**Exercise material**
▬▬▬

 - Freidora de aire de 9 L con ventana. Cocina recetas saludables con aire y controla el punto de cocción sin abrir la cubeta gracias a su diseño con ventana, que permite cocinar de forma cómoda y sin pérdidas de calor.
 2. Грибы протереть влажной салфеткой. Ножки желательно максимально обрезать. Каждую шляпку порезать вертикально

▬▬▬

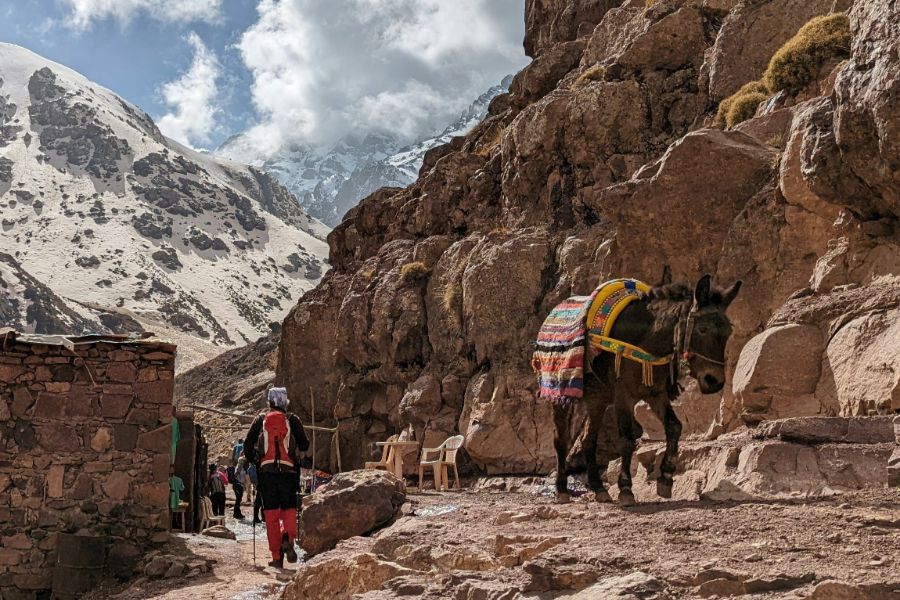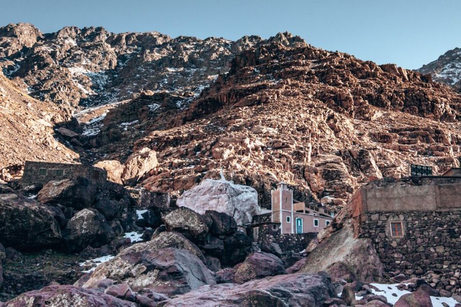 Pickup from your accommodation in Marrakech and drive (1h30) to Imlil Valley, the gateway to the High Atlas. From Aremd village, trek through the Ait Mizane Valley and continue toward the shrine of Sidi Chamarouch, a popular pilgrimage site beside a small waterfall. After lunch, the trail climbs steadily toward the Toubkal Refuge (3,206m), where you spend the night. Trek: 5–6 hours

▬▬▬

**Task requirements**
In the listing above, locate the line containing "- Freidora de" and the line containing "2. Грибы протереть". Extract those two lines and every line between them, exactly as written, and only those.

**Answer for the task**
 - Freidora de aire de 9 L con ventana. Cocina recetas saludables con aire y controla el punto de cocción sin abrir la cubeta gracias a su diseño con ventana, que permite cocinar de forma cómoda y sin pérdidas de calor.
 2. Грибы протереть влажной салфеткой. Ножки желательно максимально обрезать. Каждую шляпку порезать вертикально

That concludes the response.